Context
Tabular datasets are very common. They are formatted as tables defined as a series of (implicitly) typed attributes, which represent the structure/schema of the table. They contain a series of records aligned to this structure. Different exploration libraries propose a data type representing the notion of a table and sets of operators for manipulating tables. Even if the general principle is similar among tabular data models, the properties of the tabular data structures and operators vary.
Objective
This exercise aims to get acquainted with the tabular data structure and its associated operators and try a concrete solution provided by the library Pandas of Python. Applying a series of operators on tabular data, it is possible to explore their content, profile their mathematical properties and answer research questions of type “What happened?”. Through this exploration, we can determine the quality of a data set in terms of the missing and null values and the statistical distribution of the values in columns. Then, we can decide to ” clean” the data set and respond to “what happened?” like research questions.
Material
- Exercise HO-1, a version with R, can be found here [K-Notebool in R]
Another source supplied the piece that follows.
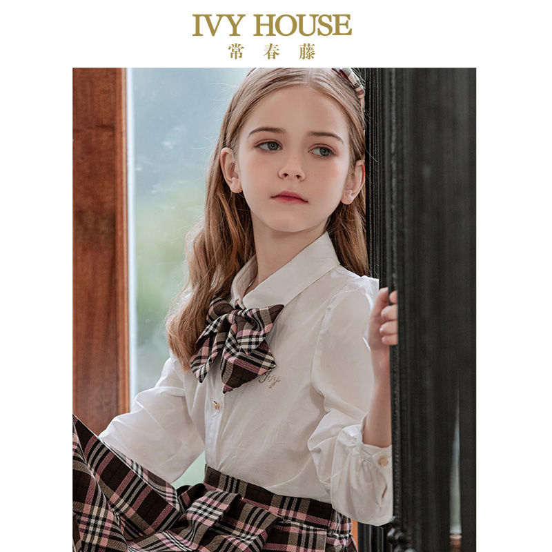 款 女童领饰秋季 学院风JK格子领花配饰洋气 HOUSE常春藤儿童装 IVY

- Explanation on the whiteboard about the table data structure
To Do
- Organise into groups of 3 or 4 people. You can also decide to work alone, even if it is less fun.
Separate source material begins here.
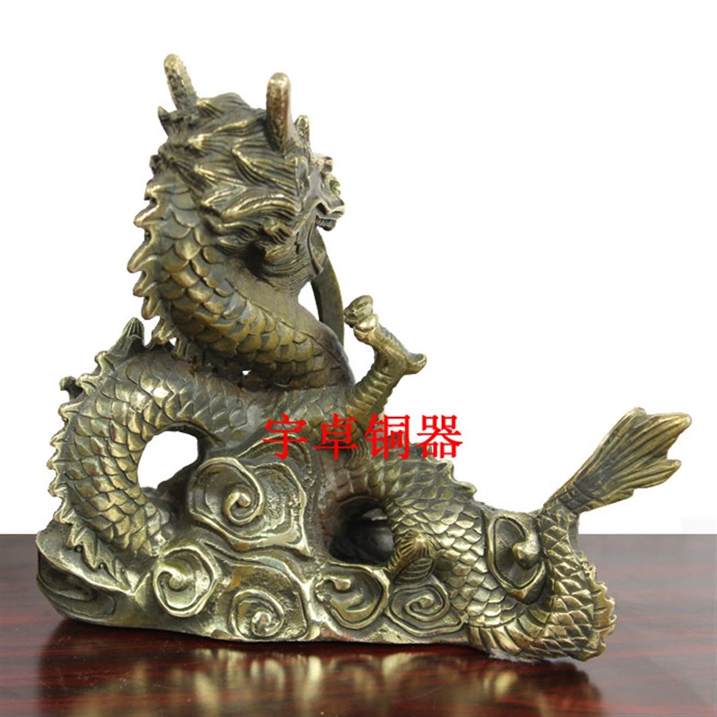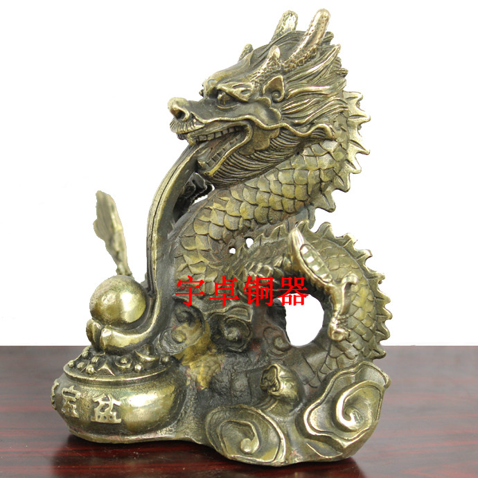 宇卓铜器 纯铜龙 黄铜龙 聚宝盆吐水龙摆件家居装饰办公室摆设

- Have a look at the experiment proposed in HO-1
- Create a notebook in Kaggle according to in-class instructions and test-learn the tasks implemented in HO-1
- Propose a mind map with the table manipulation operators introduced in class and the corresponding operators proposed by the Pandas library that you have discovered by Testing HO-1
- Draw a pipeline that describes the series of tasks of the pipeline implemented in HO-1. The pipeline intends to answer the question, “How similar were EU countries when they invested in education throughout the first decade of the XXI century?”
- Propose an interpretation of the final result in the exercise (interpret the plots) and provide a critical view of their pertinence concerning the research question.
To Hand In
- Add the names of your group members in your notebook and the program you are inscribed in.
- Add the mindmap drawing, the pipeline drawing, and your interpretation to your notebook.
- Please share it with the professor USING KAGGLE.